Speaking at the World Economic Forum Annual Meeting in Davos, von der Leyen said negotiations are in their final stages and that Europe stands to gain a first-mover advantage with one of the world’s fastest-growing economies. “Right after Davos, I will travel to India. There is still work to do, but we are on the cusp of a historic trade agreement,” she said.

European Council President Antonio Costa and von der Leyen will visit India from January 25 to 27 to attend the Republic Day celebrations as chief guests and hold summit talks with Prime Minister Narendra Modi. The two sides are expected to formally announce the conclusion of FTA negotiations at the India-EU summit on January 27.

India is currently the EU’s largest trading partner, with bilateral trade in goods touching $135 billion in FY2023–24. The proposed agreement is expected to significantly boost trade flows, deepen supply-chain integration and open new opportunities across manufacturing, services, technology and green energy sectors.

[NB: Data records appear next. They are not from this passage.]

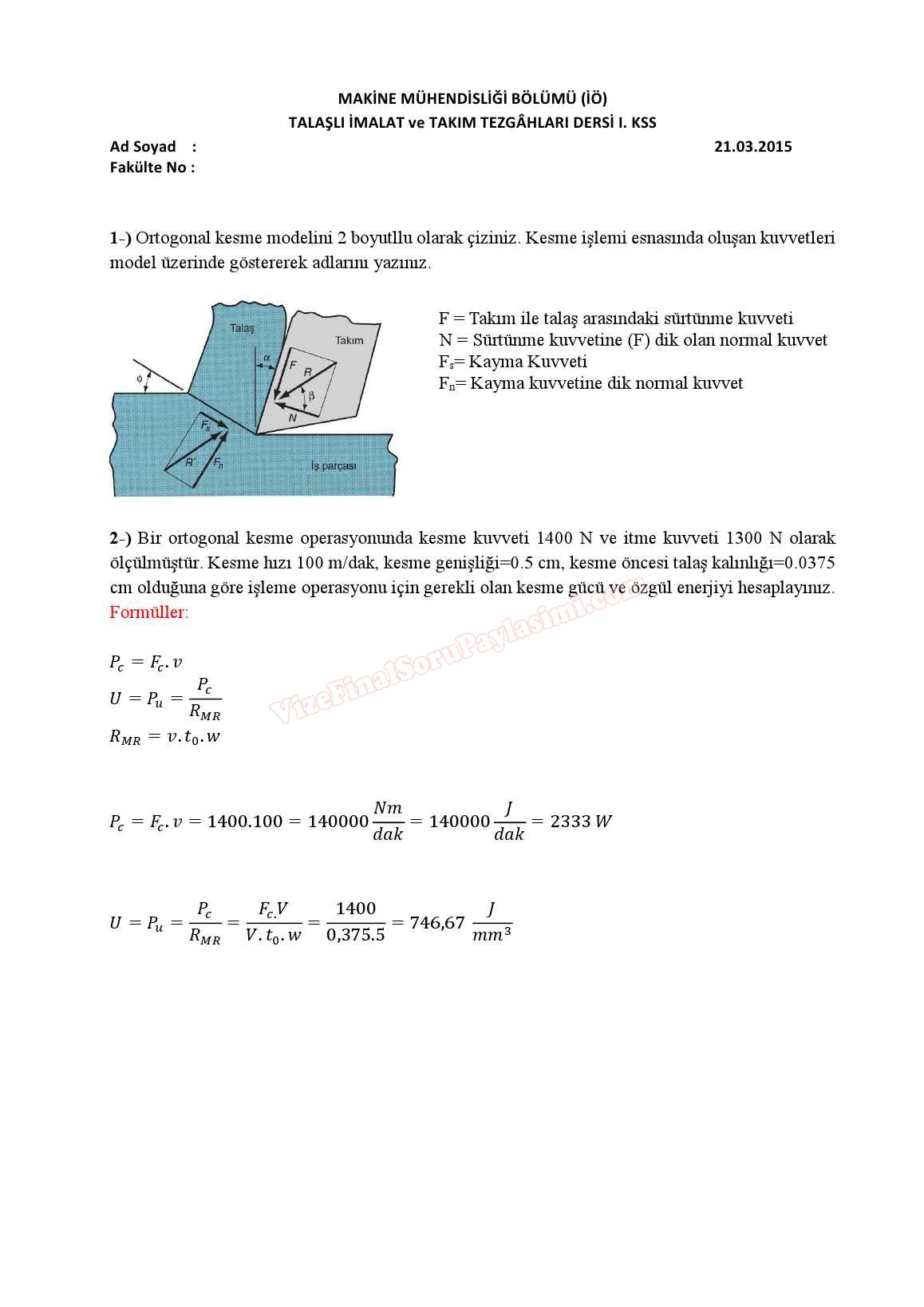 Talaşlı İmalat ve Takım Tezgahları 1.Kısa Sınav Soruları 29-11-2016, 02:14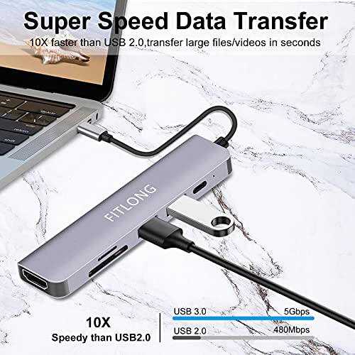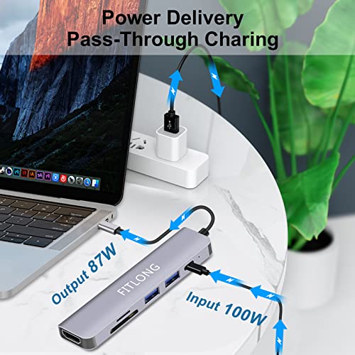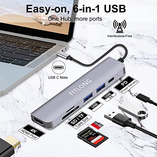 FITLONG Hub USB C 6-in-1, Adattatore MacBook Air/Pro, Adattatore USB C con HDMI 4K, PD 100W, 2 porte dati USB-A, Lector SD/TF, compatibile con laptop e altri dispositivi USB C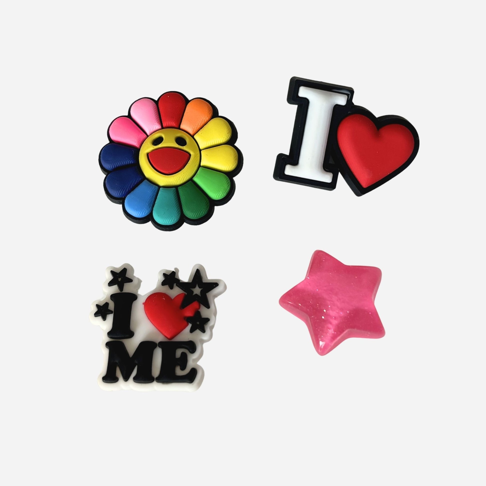 Ce pack de pin’s colorés pour clogs mélange énergie positive, couleurs rainbow et symboles love.

Beyond trade, the summit is also likely to deliver major strategic outcomes. India and the EU are expected to unveil a defence and security framework, along with a comprehensive strategic vision for the 2026–2030 period. A proposed Security and Defence Partnership (SDP) would enhance defence interoperability and enable Indian firms to participate in the EU’s SAFE programme a €150 billion financial instrument aimed at strengthening European defence readiness.

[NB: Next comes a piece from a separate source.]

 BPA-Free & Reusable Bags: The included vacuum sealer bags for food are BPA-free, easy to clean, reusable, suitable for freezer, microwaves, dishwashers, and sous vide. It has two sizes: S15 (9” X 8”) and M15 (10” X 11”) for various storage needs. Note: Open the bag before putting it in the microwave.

Negotiations for a Security of Information Agreement (SOIA) are also expected to be launched, which would facilitate deeper industrial defence cooperation. The developments come amid global trade disruptions driven by Washington’s evolving tariff policies, which have affected both India and the 27-nation EU bloc.

India and the EU have been strategic partners since 2004. FTA talks were first launched in 2007 but were suspended in 2013 due to differences in ambition, before being relaunched in June 2022. If concluded, the deal would mark one of the most significant trade agreements for both sides in recent decades.

📌 Short Summary

The European Union is close to finalising a landmark free trade agreement with India, described by Ursula von der Leyen as “the mother of all deals.” Expected to be announced during the India-EU summit on January 27, the agreement aims to deepen trade, defence and strategic cooperation at a time of global trade uncertainty.